▶ _PROBLEM TO SOLVE_: Please repeat, exactly and without pictures, the lines of the entries below that run from the one containing "The 1-2 Shift" through the one containing "Bigfoot and Alien".

▶ _INFORMATION GIVEN_:
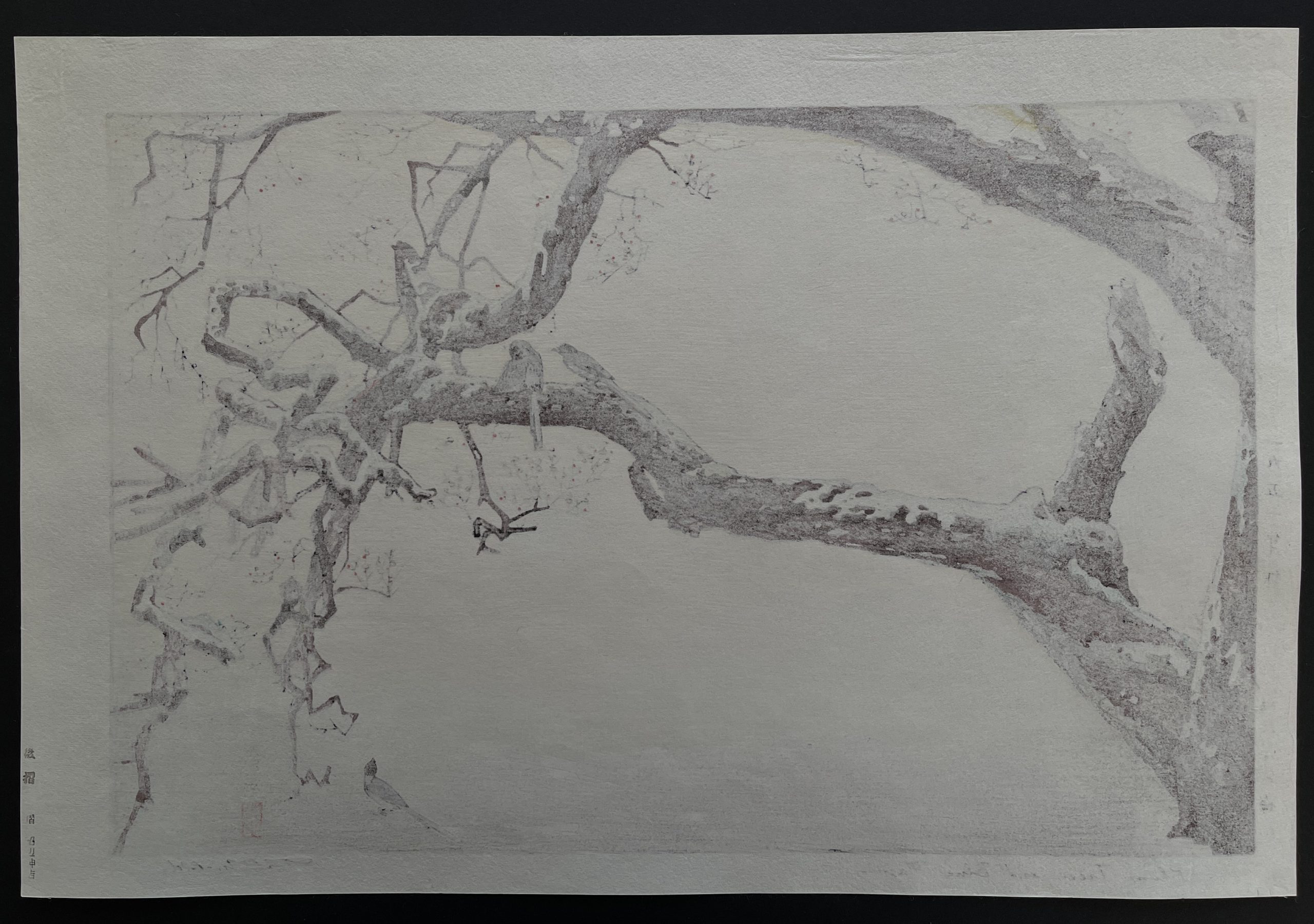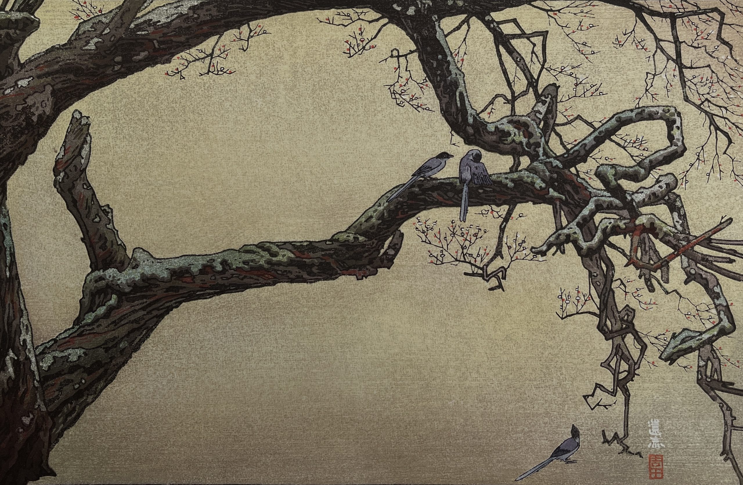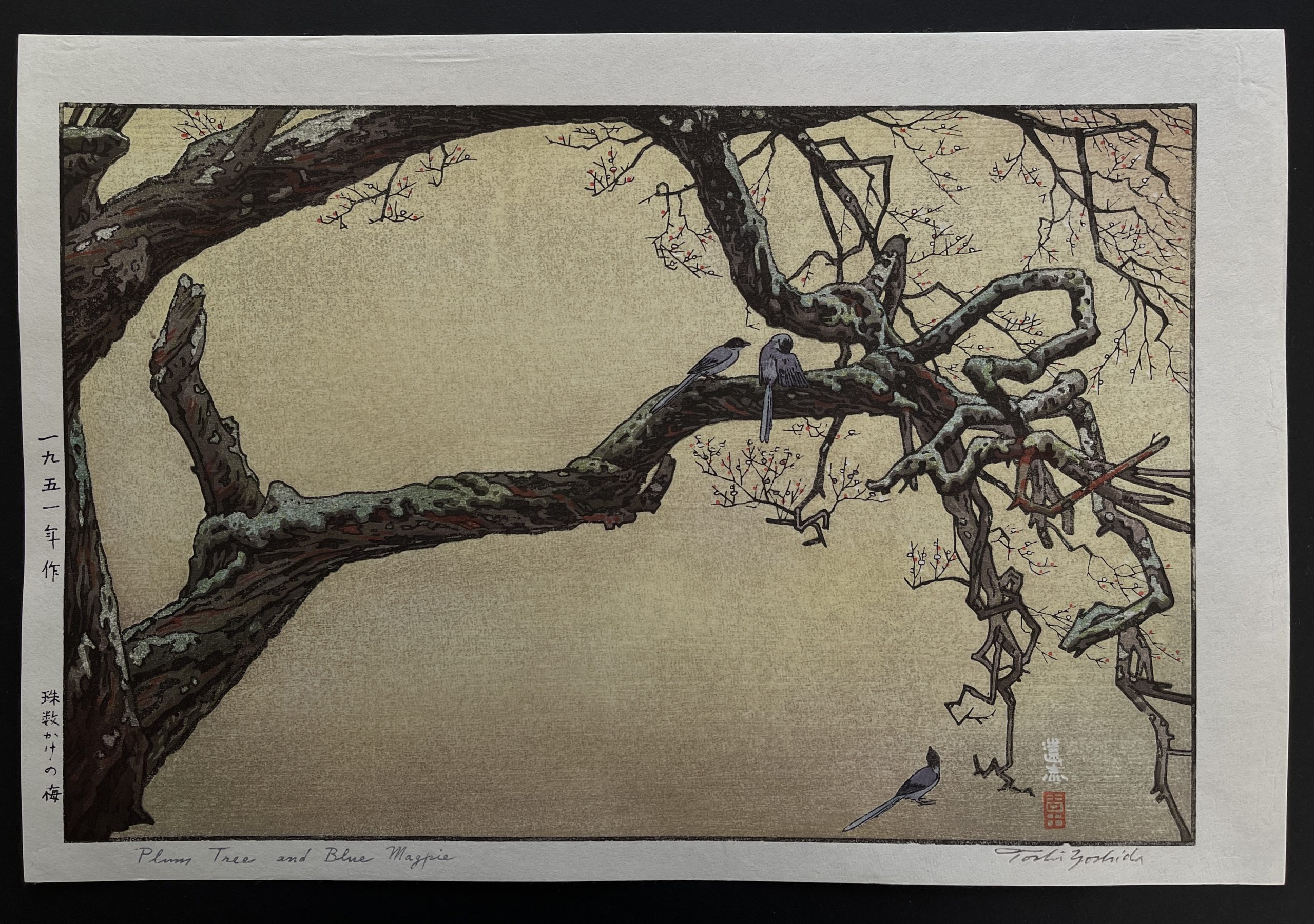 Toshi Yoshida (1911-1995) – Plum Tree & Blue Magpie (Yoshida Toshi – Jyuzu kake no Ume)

--

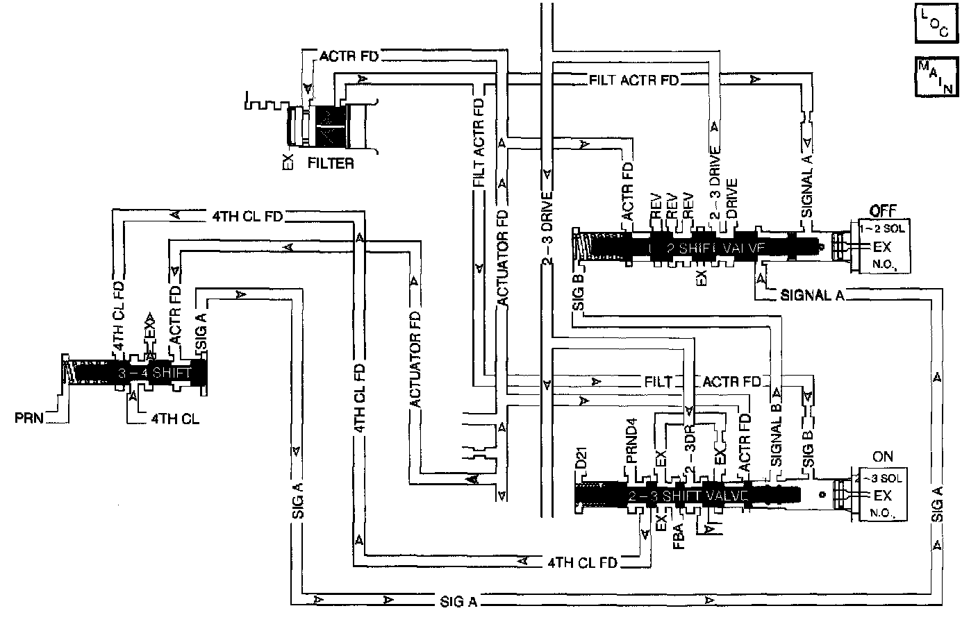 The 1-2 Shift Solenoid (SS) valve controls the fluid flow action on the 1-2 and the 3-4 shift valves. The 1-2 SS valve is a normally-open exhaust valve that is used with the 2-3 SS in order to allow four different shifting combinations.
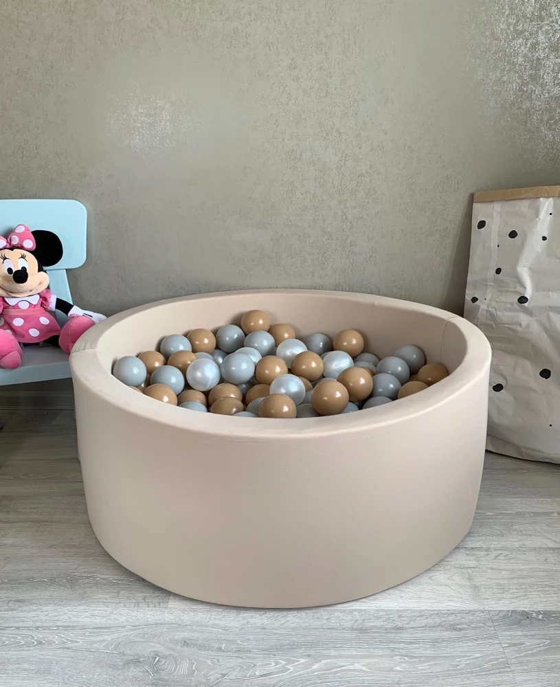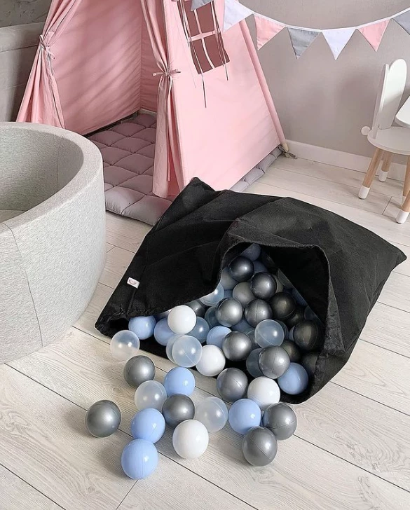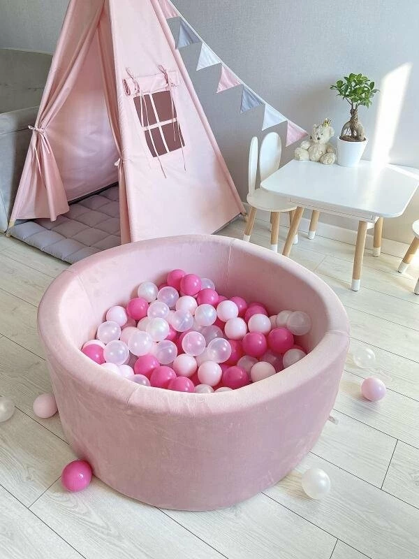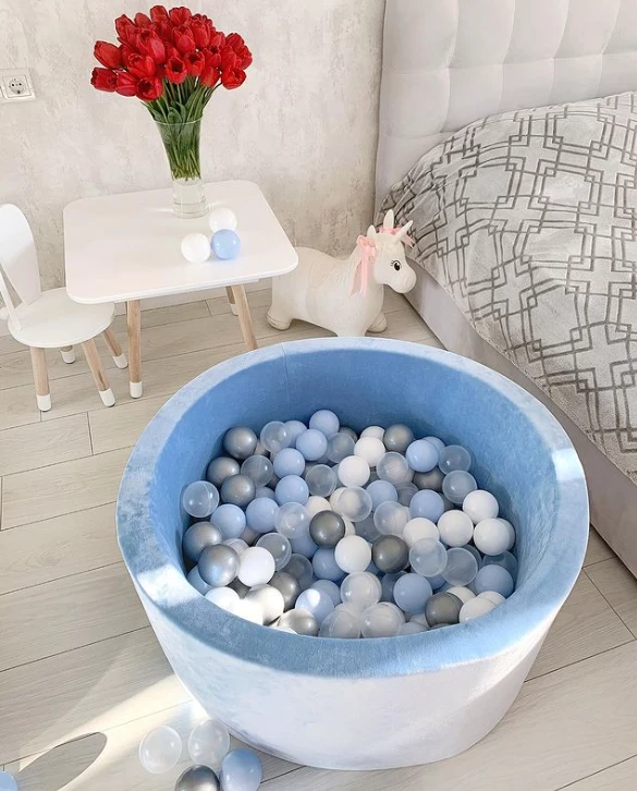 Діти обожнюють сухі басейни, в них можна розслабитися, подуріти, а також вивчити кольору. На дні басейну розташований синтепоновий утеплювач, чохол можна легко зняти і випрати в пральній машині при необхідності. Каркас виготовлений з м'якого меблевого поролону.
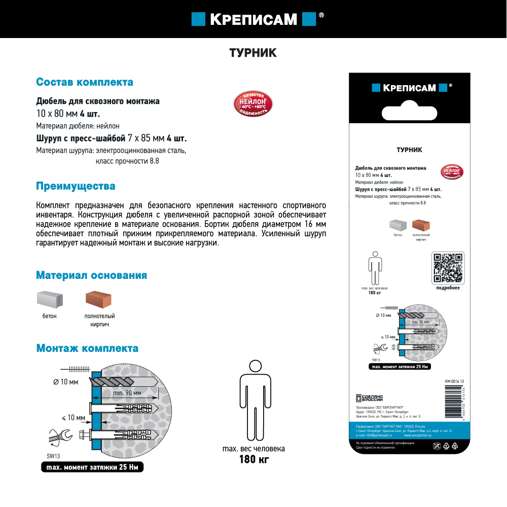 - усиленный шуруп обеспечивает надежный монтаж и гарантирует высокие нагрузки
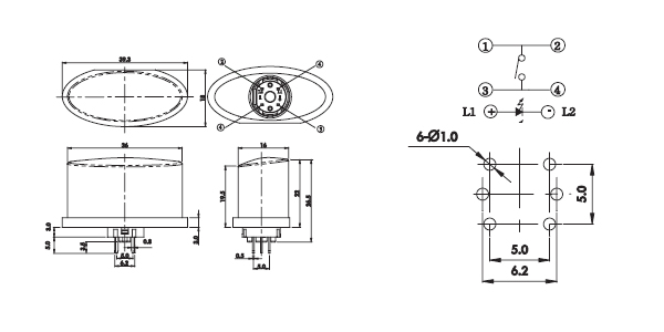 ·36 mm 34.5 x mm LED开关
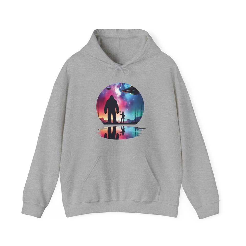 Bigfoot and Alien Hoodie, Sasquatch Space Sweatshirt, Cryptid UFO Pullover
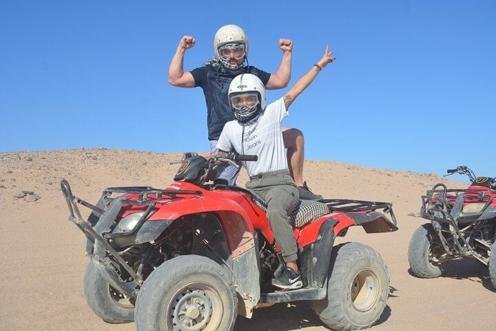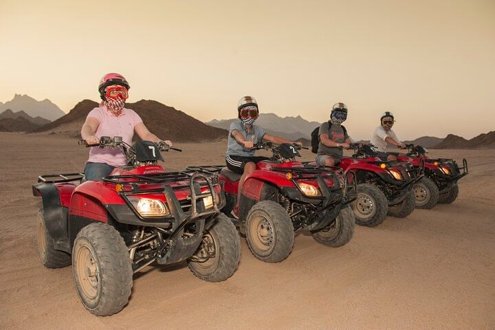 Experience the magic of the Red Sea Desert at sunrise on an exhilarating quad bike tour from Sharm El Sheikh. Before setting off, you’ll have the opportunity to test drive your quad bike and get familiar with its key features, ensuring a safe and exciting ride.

--

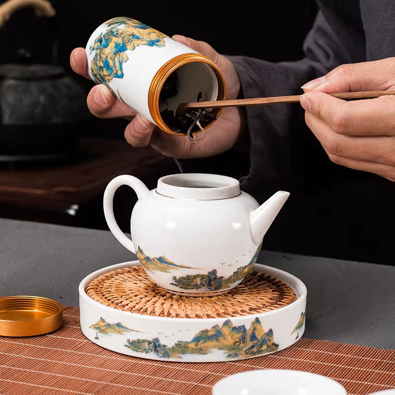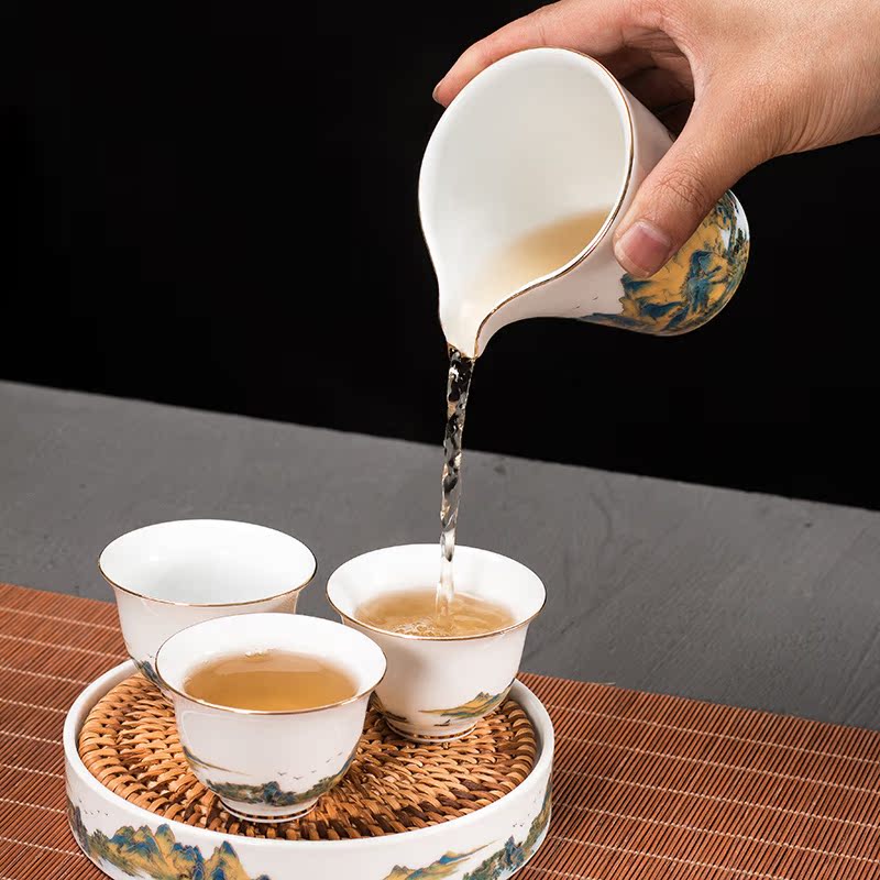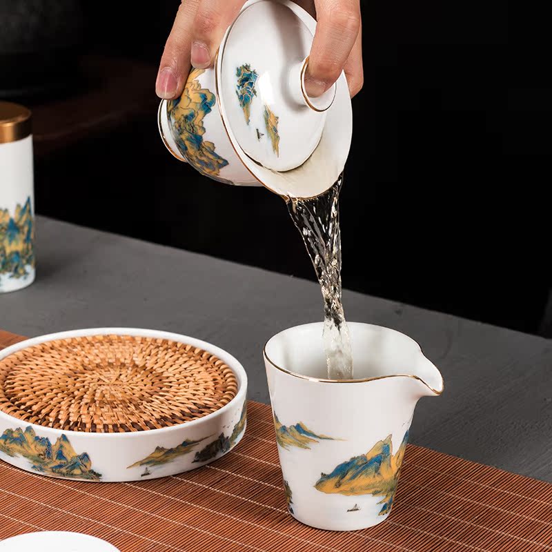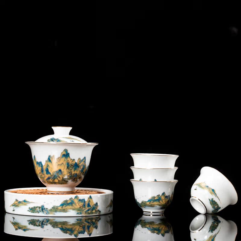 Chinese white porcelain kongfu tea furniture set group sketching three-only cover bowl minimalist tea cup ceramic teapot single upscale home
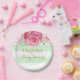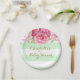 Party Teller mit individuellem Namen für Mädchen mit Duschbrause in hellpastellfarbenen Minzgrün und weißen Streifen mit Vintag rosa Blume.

▶ _EXERCISE ANSWER_:
 The 1-2 Shift Solenoid (SS) valve controls the fluid flow action on the 1-2 and the 3-4 shift valves. The 1-2 SS valve is a normally-open exhaust valve that is used with the 2-3 SS in order to allow four different shifting combinations.
 Діти обожнюють сухі басейни, в них можна розслабитися, подуріти, а також вивчити кольору. На дні басейну розташований синтепоновий утеплювач, чохол можна легко зняти і випрати в пральній машині при необхідності. Каркас виготовлений з м'якого меблевого поролону.
 - усиленный шуруп обеспечивает надежный монтаж и гарантирует высокие нагрузки
 ·36 mm 34.5 x mm LED开关
 Bigfoot and Alien Hoodie, Sasquatch Space Sweatshirt, Cryptid UFO Pullover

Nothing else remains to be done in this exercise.